[Excerpts from a dataset]
--*--
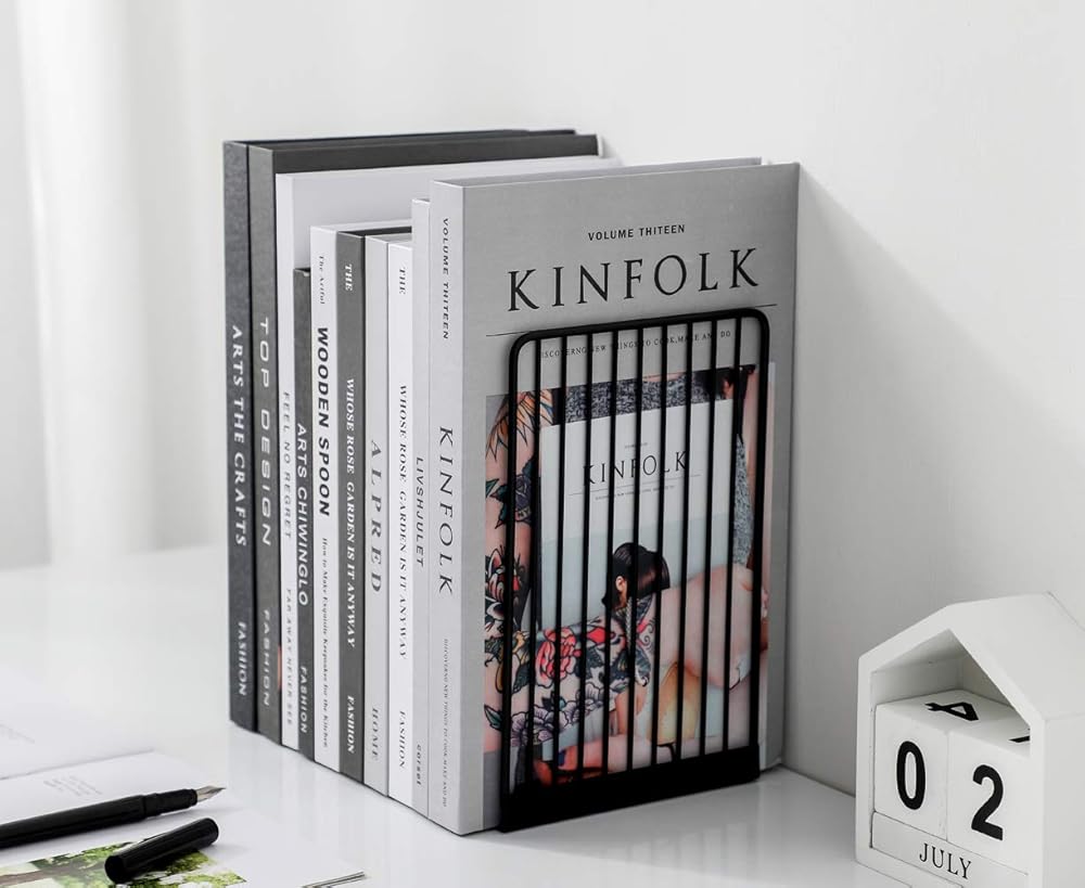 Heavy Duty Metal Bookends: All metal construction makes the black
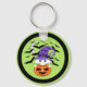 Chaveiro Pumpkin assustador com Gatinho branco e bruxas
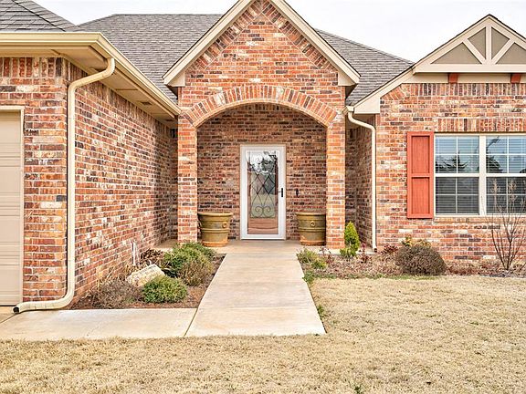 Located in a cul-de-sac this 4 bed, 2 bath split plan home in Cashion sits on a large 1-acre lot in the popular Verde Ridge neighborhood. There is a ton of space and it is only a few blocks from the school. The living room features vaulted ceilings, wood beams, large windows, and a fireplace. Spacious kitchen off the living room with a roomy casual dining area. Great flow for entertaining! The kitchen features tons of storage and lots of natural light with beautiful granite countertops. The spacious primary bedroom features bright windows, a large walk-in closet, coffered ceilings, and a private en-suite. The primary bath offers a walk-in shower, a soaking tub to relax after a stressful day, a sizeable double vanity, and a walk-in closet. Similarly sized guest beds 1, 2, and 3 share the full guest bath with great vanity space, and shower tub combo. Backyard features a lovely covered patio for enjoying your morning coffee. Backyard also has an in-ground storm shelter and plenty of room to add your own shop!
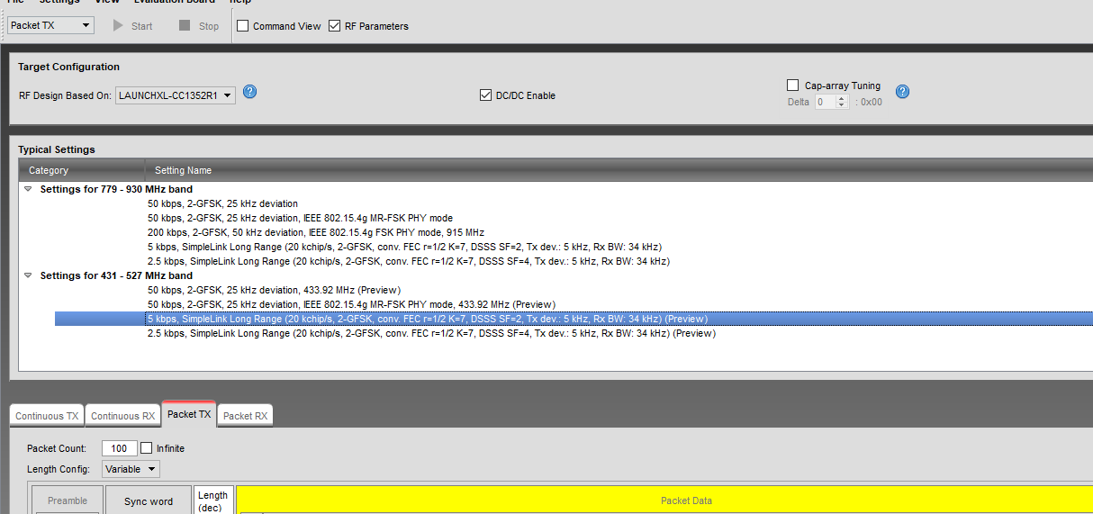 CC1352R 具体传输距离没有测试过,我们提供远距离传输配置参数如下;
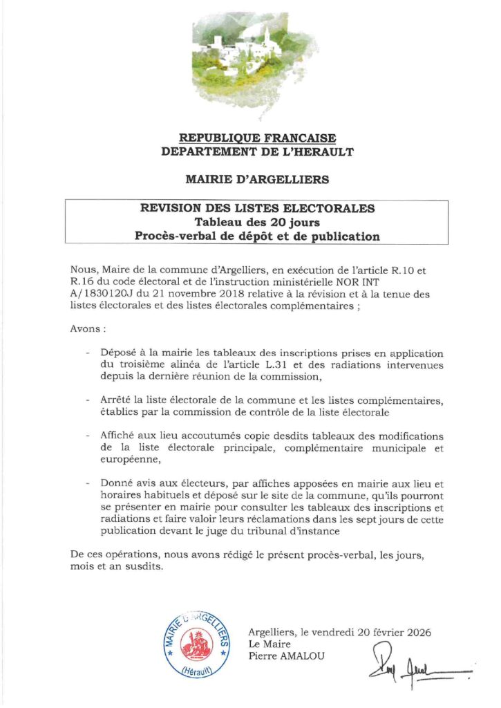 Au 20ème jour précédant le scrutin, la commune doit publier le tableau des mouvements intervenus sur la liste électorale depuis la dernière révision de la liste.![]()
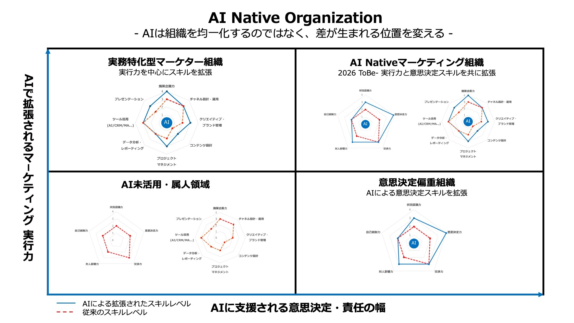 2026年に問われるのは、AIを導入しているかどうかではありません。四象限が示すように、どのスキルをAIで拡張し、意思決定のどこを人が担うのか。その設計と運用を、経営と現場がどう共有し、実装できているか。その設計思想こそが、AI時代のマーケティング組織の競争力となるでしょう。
--*--
### Task to carry out
In the data above, the line containing "Au 20ème jour" and all lines after it are to be reproduced exactly, leaving out the pictures.

### Response area
 Au 20ème jour précédant le scrutin, la commune doit publier le tableau des mouvements intervenus sur la liste électorale depuis la dernière révision de la liste.![]()
 2026年に問われるのは、AIを導入しているかどうかではありません。四象限が示すように、どのスキルをAIで拡張し、意思決定のどこを人が担うのか。その設計と運用を、経営と現場がどう共有し、実装できているか。その設計思想こそが、AI時代のマーケティング組織の競争力となるでしょう。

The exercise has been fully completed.